Material for this exercise:
----------------------------------------

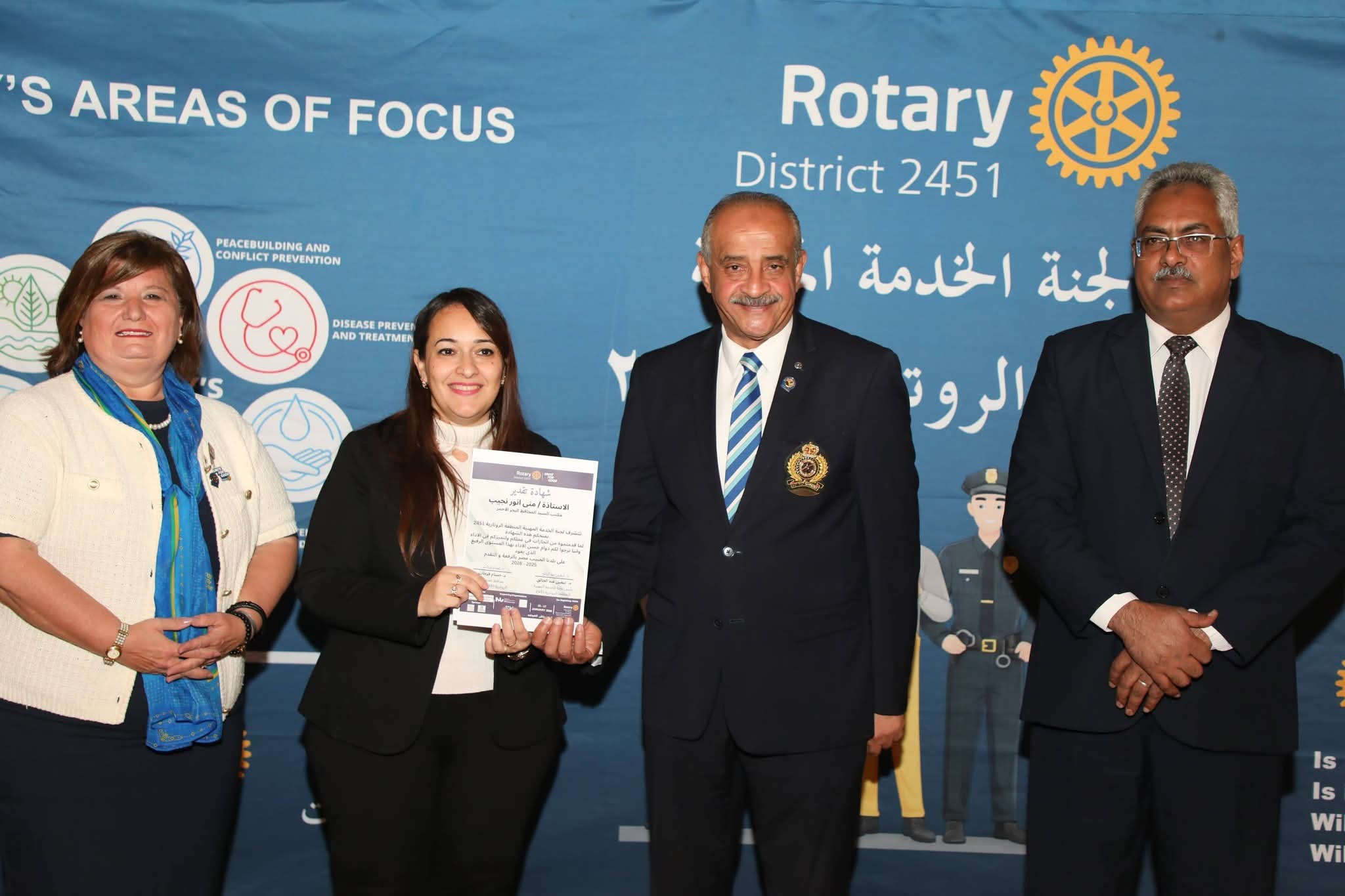 كما تشارك نانسي المهدي منسق الكادر بالمؤسسة الروتارية، عن فرصة الخدمة المهنية من خلال برنامج كوادر الفنين التقنين التابع للمؤسسة الروتارية.
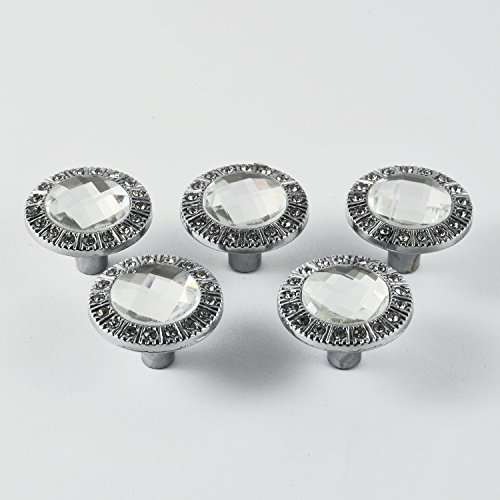iQualite 5点30 mmラウンドプルハンドルキラキラとラインストーンのノブ食器棚引き出し戸棚など シルバー ERPD006
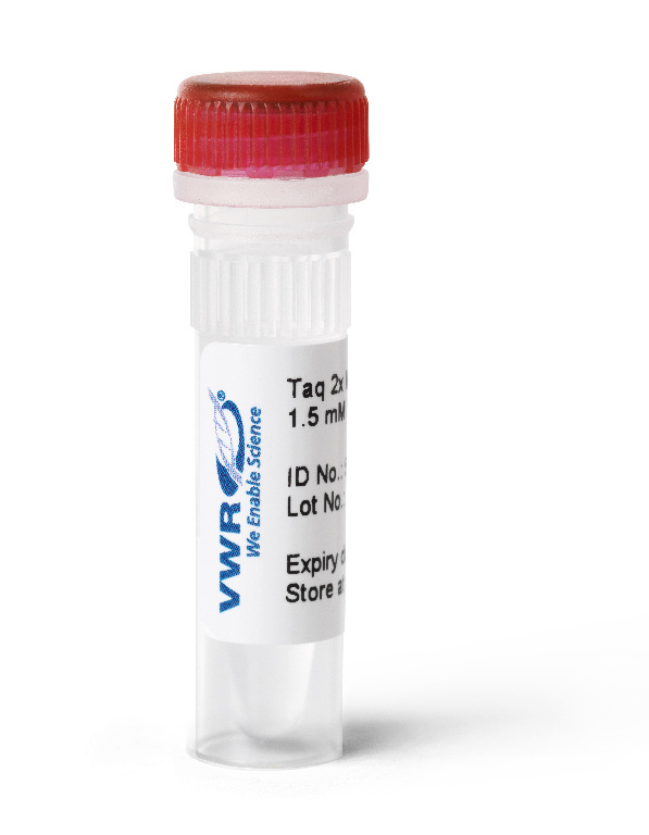 Concentration: 2X, VWR® Taq DNA Polymerase Master Mix is a ready to use 1.1X or 2X reaction mix. Simply add primers, template and water to carry out primer extensions and other molecular biology applications., Taq DNA Polymerase master mixes are a good alternative to Taq DNA Polymerase. The Taq DNA Polymerase master mixes offer reduced set-up time and eliminate the risk of contamination of reaction components. Fewer handling steps lead to better reproducibility, which makes master mixes suitable for standard PCR applications, screening and high-throughput testing. Long term storage at -20 °C. Product expiry at -20 °C is stated on the label. Optional: Store at 4 °C for up to 6 months. Available as 1.1X or 2X master mixes with a final MgCl2 concentration of either 1.5 mM or 2 mM., 02_BulletPoint: All-in-one master mix for great convenience | Minimal optimization | Fewer pipetting steps | Increased reproducibility | High product yield | dUTP incorporation possible | Processes up to 5 kb | Leaves a 3'dA overhang, 13_Caution: For Research Use Only. Not for use in diagnostic procedures., Taq DNA Polymerase 2X Master Mix (1.5 mM MgCl₂), Cat. No.: 76620-456, Units: EA, No. of reactions: 500 (of 50 μl), Concentration: 2X, VWR® Taq DNA Polymerase Master Mix is a ready to use 1.1X or 2X reaction mix. Simply add primers, template and water to carry out primer extensions and other molecular biology applications., Taq DNA Polymerase master mixes are a good alternative to Taq DNA Polymerase. The Taq DNA Polymerase master mixes offer reduced set-up time and eliminate the risk of contamination of reaction components. Fewer handling steps lead to better reproducibility, which makes master mixes suitable for standard PCR applications, screening and high-throughput testing. Long term storage at -20 °C. Product expiry at -20 °C is stated on the label. Optional: Store at 4 °C for up to 6 months. Available as 1.1X or 2X master mixes with a final MgCl2 concentration of either 1.5 mM or 2 mM., 02_BulletPoint: All-in-one master mix for great convenience | Minimal optimization | Fewer pipetting steps | Increased reproducibility | High product yield | dUTP incorporation possible | Processes up to 5 kb | Leaves a 3'dA overhang, 13_Caution: For Research Use Only. Not for use in diagnostic procedures., Taq DNA Polymerase 2X Master Mix (2 mM MgCl₂), Cat. No.: 76620-460, Units: EA, No. of reactions: 500 (of 50 μl), Concentration: 2X, VWR® Taq DNA Polymerase Master Mix is a ready to use 1.1X or 2X reaction mix. Simply add primers, template and water to carry out primer extensions and other molecular biology applications., Taq DNA Polymerase master mixes are a good alternative to Taq DNA Polymerase. The Taq DNA Polymerase master mixes offer reduced set-up time and eliminate the risk of contamination of reaction components. Fewer handling steps lead to better reproducibility, which makes master mixes suitable for standard PCR applications, screening and high-throughput testing. Long term storage at -20 °C. Product expiry at -20 °C is stated on the label. Optional: Store at 4 °C for up to 6 months. Available as 1.1X or 2X master mixes with a final MgCl2 concentration of either 1.5 mM or 2 mM., 02_BulletPoint: All-in-one master mix for great convenience | Minimal optimization | Fewer pipetting steps | Increased reproducibility | High product yield | dUTP incorporation possible | Processes up to 5 kb | Leaves a 3'dA overhang, 13_Caution: For Research Use Only. Not for use in diagnostic procedures., Taq DNA Polymerase 2X Master Mix (1.5 mM MgCl₂), Cat. No.: 76620-458, Units: EA, No. of reactions: 2500× 50 μl, Concentration: 2X, VWR® Taq DNA Polymerase Master Mix is a ready to use 1.1X or 2X reaction mix. Simply add primers, template and water to carry out primer extensions and other molecular biology applications., Taq DNA Polymerase master mixes are a good alternative to Taq DNA Polymerase. The Taq DNA Polymerase master mixes offer reduced set-up time and eliminate the risk of contamination of reaction components. Fewer handling steps lead to better reproducibility, which makes master mixes suitable for standard PCR applications, screening and high-throughput testing. Long term storage at -20 °C. Product expiry at -20 °C is stated on the label. Optional: Store at 4 °C for up to 6 months. Available as 1.1X or 2X master mixes with a final MgCl2 concentration of either 1.5 mM or 2 mM., 02_BulletPoint: All-in-one master mix for great convenience | Minimal optimization | Fewer pipetting steps | Increased reproducibility | High product yield | dUTP incorporation possible | Processes up to 5 kb | Leaves a 3'dA overhang, 13_Caution: For Research Use Only. Not for use in diagnostic procedures., Taq DNA Polymerase 2X Master Mix (2 mM MgCl₂), Cat. No.: 76620-462, Units: EA, No. of reactions: 2500× 50 μl, Concentration: 1.1X, VWR® Taq DNA Polymerase Master Mix is a ready to use 1.1X or 2X reaction mix. Simply add primers, template and water to carry out primer extensions and other molecular biology applications., Taq DNA Polymerase master mixes are a good alternative to Taq DNA Polymerase. The Taq DNA Polymerase master mixes offer reduced set-up time and eliminate the risk of contamination of reaction components. Fewer handling steps lead to better reproducibility, which makes master mixes suitable for standard PCR applications, screening and high-throughput testing. Long term storage at -20 °C. Product expiry at -20 °C is stated on the label. Optional: Store at 4 °C for up to 6 months. Available as 1.1X or 2X master mixes with a final MgCl2 concentration of either 1.5 mM or 2 mM., 02_BulletPoint: All-in-one master mix for great convenience | Minimal optimization | Fewer pipetting steps | Increased reproducibility | High product yield | dUTP incorporation possible | Processes up to 5 kb | Leaves a 3'dA overhang, 13_Caution: For Research Use Only. Not for use in diagnostic procedures., Taq DNA Polymerase 
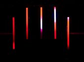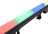 | Power supply: | 100-240 V AC, 50/60 Hz | | Power consumption: | 30 W | | IP classification: | IP20 | | Power connection: | Mains input via P-Con (blue), mounting version power supply cord with safety plug (provided) | | Power output: | 1 x P-Con (gray), mounting version | | Lamp type: | LED lamp | | LED type: | 96 x SMD 5050 3in1 TCL RGB (homogenous color mix) | | Flash rate: | 0.25 - 11 Hz | | DMX channels: | 3; 5; 8; 48; 96 | | DMX input: | 3-pin XLR (M) mounting version | | DMX output: | 3-pin XLR (F) mounting version | | Cooling: | Passive convection cooling | | Control: | Stand-alone; DMX; sound to light via microphone; master/slave function | | Preprogrammed in: | LED PC-Control 512; Light Captain | | Beam angle: | 120° | | Beam angle (1/2 peak): | 120° | | Housing color: | Black | | Attachment system: | Mounting bracket | | Display type: | 4 digit 7-segment LED display | | Material: | Plastic; metal | | Dimensions: | Length: 99.9 cm Width: 5.9 cm Height: 15.3 cm | | Weight: | 2.10 kg | | Noise classification: | Class 0 (no noise at all) | | Power cord | | | Cable construction: | 3 x 1.0 mm² H05VV-F | | Cable length: | Approx. 1.2 m | | Mounting bracket | | | Diameter mounting holes: | 2 x Ø12mm; 1 x Ø11mm | | Material: | Metal, 2.5 mm | | Legal specifications | | | Special product: | Not designed for household room illumination | | Intended use: | Show effect lighting |
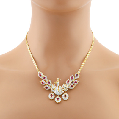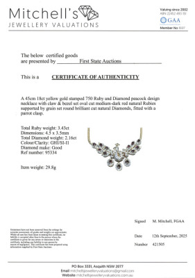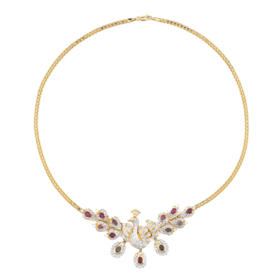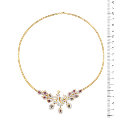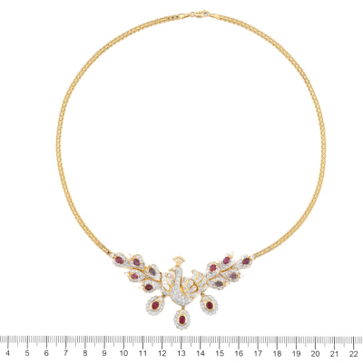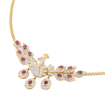 Peacock design necklace with oval shape Natural Rubies totalling 3.43ct and round Natural Diamonds totalling 2.16ct (Estimated grading: GHI SI-P1). 18ct yellow gold. Length: 45cm. Weight: 29.8g. With Certificate #421505. (Pre-owned)
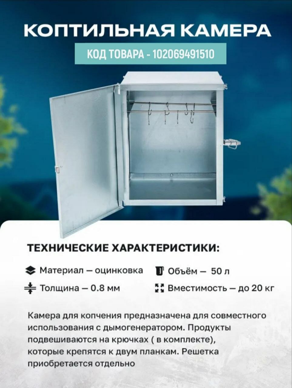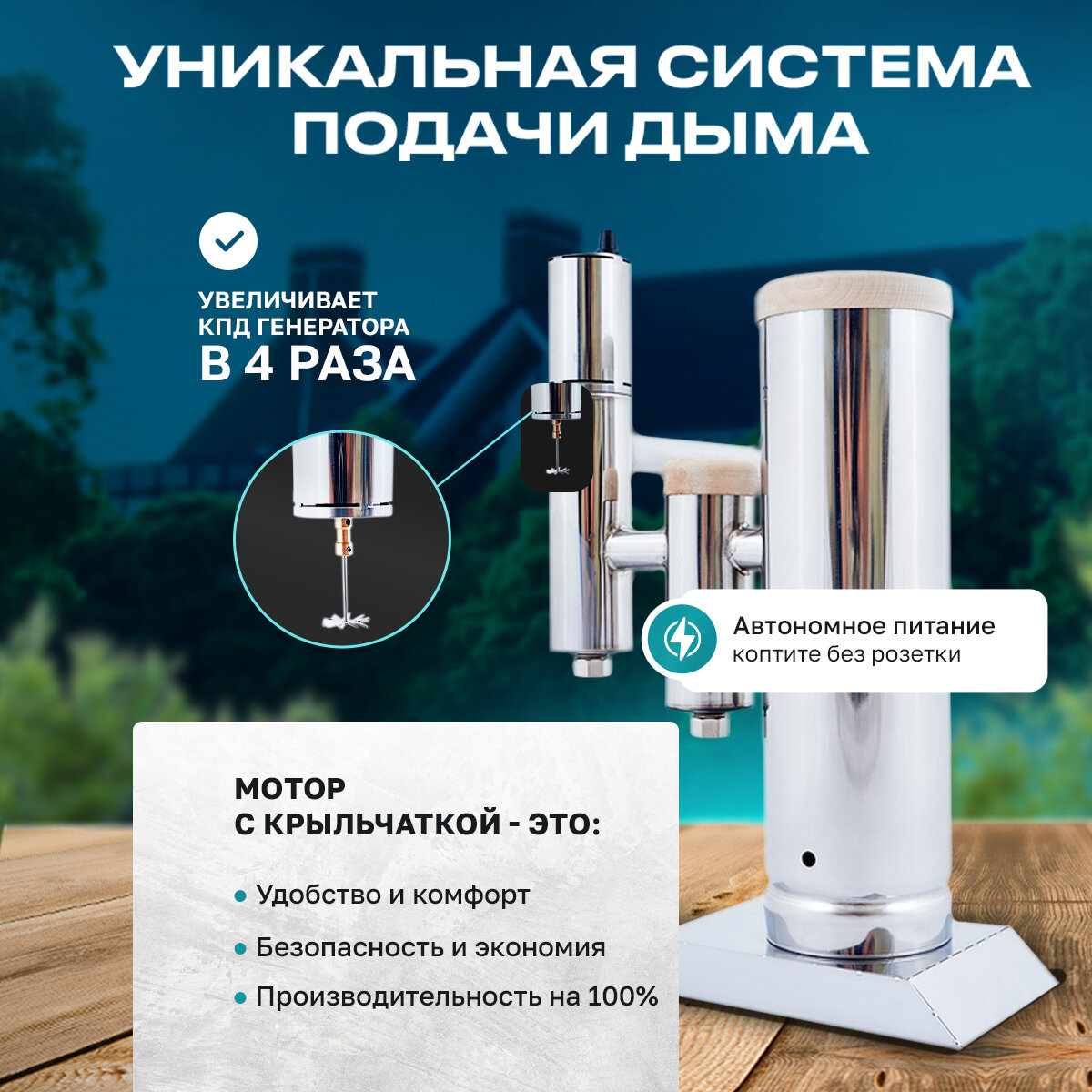 | Тип топлива | копчение на щепе |
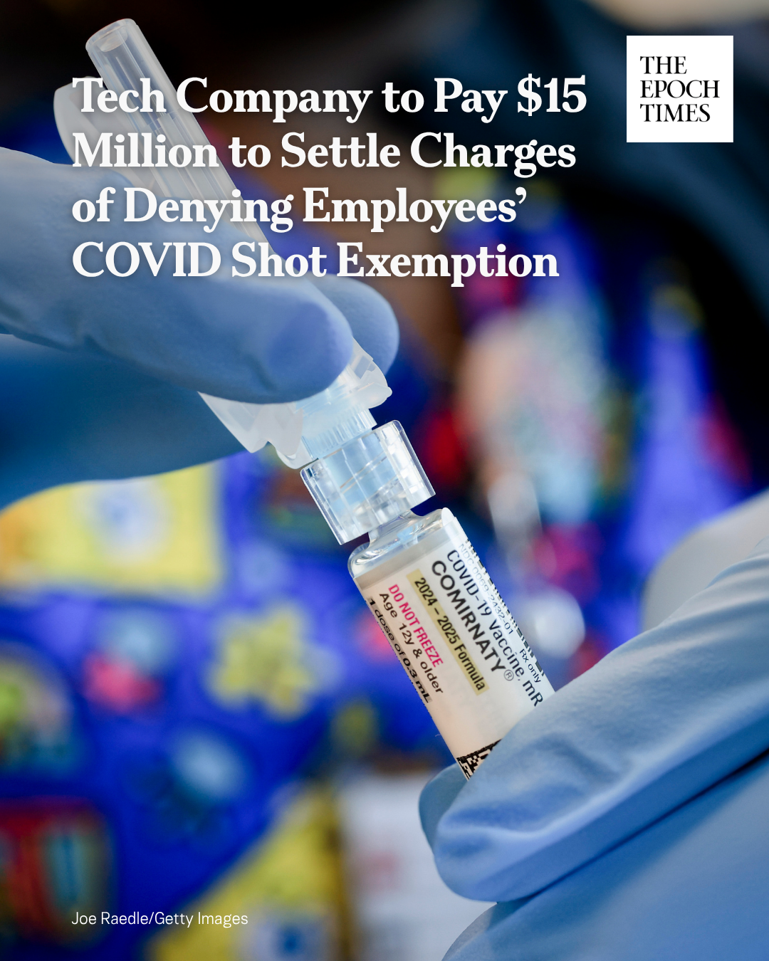 댓글 불러오는 중... - Mar 25, 2026, 11:30 AM[EN] 🚨 𝐓𝐞𝐜𝐡 𝐂𝐨𝐦𝐩𝐚𝐧𝐲 𝐭𝐨 𝐏𝐚𝐲 $𝟏𝟓 𝐌𝐢𝐥𝐥𝐢𝐨𝐧 𝐭𝐨 𝐒𝐞𝐭𝐭𝐥𝐞 𝐂𝐡𝐚𝐫𝐠𝐞𝐬 𝐨𝐟 𝐃𝐞𝐧𝐲𝐢𝐧𝐠 𝐄𝐦𝐩𝐥𝐨𝐲𝐞𝐞𝐬’ 𝐂𝐎𝐕𝐈𝐃 𝐒𝐡𝐨𝐭 𝐄𝐱𝐞𝐦𝐩𝐭𝐢𝐨𝐧The company was not named. The law requires employers to provide reasonable accommodations for sincerely held religious beliefs.Read more:https://theepochtim.es/7p4set [KO] 🚨 기술 회사는 직원의 코로나19 예방 주사 면제를 거부한 혐의를 해결하기 위해 1,500만 달러를 지불할 예정입니다. 회사 이름은 지정되지 않았습니다. 법에 따라 고용주는 진심으로 종교적 신념을 갖고 있는 경우 합당한 편의를 제공해야 합니다.자세히 알아보기: https://theepochtim.es/7p4set💬 13🔁 73⭐ 184
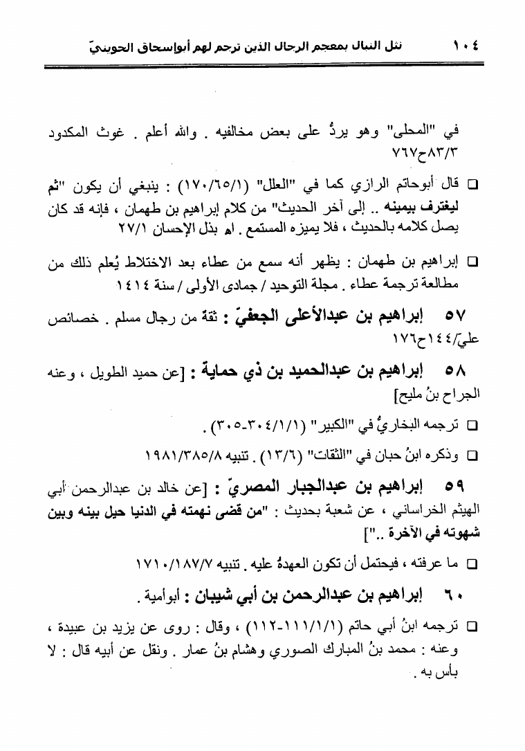 نام کتاب : نثل النبال بمعجم الرجال الذين ترجم لهم فضيلة الشيخ المحدث أبو إسحاق الحويني (ط. المحدثين) نویسنده : أحمد بن عطية الوكيل أبو عمرو جلد : 1 صفحه : 104
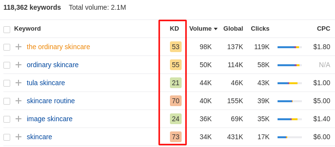数量最多的关键词真的很难排名。 相反,看看美容精华产品的关键词:
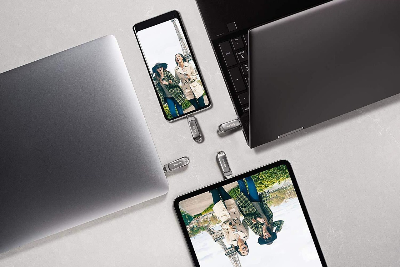 USB Type-Cスマートフォンのスペースを空け、SanDisk Memory Zoneアプリで写真を自動的にバックアップします。
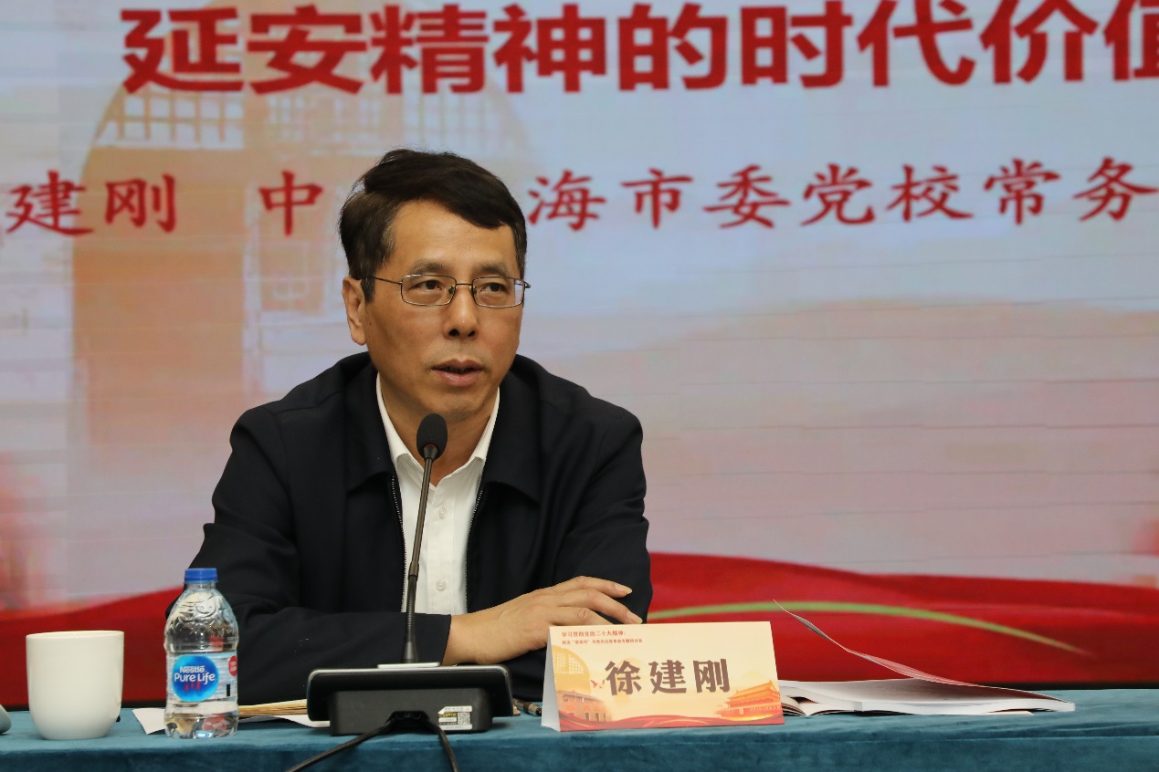 徐建刚发言中说,进一步学习二十大的精神,除了要原原本本学习二十大的原文,还要注意二十大前后习近平总书记发表的一系列重要讲话,以及习近平总书记率领中央政治局常委瞻仰延安革命纪念地的讲话精神,都有十分重要的意义。二十大提出一个非常大的命题,即“传承红色基因,赓续红色血脉”,代表了中国共产党对于自身历史的理解。当前和延安时期同属大的变革时期,学习二十大报告再读延安时期毛泽东七大的书面和口头报告,得到了“两个确立”、完成了马克思主义中国化的命题、敢于斗争,敢于胜利、独立自主、底线思维、“三个务必”、加强党的建设和加强党的团结这八个方面的启示。如果回顾和思考毛泽东这一段重要讲话,会知道为什么把“传承红色基因,赓续红色血脉”写入二十大报告,我们从历史当中汲取了前进的动力。

----------------------------------------

Exercise directions: Take the line with "USB Type-Cスマートフォンのスペースを空け、SanDisk Memory" and each line after it through the end of the material above, and reproduce them exactly, without the pictures.

Result of this exercise:
 USB Type-Cスマートフォンのスペースを空け、SanDisk Memory Zoneアプリで写真を自動的にバックアップします。
 徐建刚发言中说,进一步学习二十大的精神,除了要原原本本学习二十大的原文,还要注意二十大前后习近平总书记发表的一系列重要讲话,以及习近平总书记率领中央政治局常委瞻仰延安革命纪念地的讲话精神,都有十分重要的意义。二十大提出一个非常大的命题,即“传承红色基因,赓续红色血脉”,代表了中国共产党对于自身历史的理解。当前和延安时期同属大的变革时期,学习二十大报告再读延安时期毛泽东七大的书面和口头报告,得到了“两个确立”、完成了马克思主义中国化的命题、敢于斗争,敢于胜利、独立自主、底线思维、“三个务必”、加强党的建设和加强党的团结这八个方面的启示。如果回顾和思考毛泽东这一段重要讲话,会知道为什么把“传承红色基因,赓续红色血脉”写入二十大报告,我们从历史当中汲取了前进的动力。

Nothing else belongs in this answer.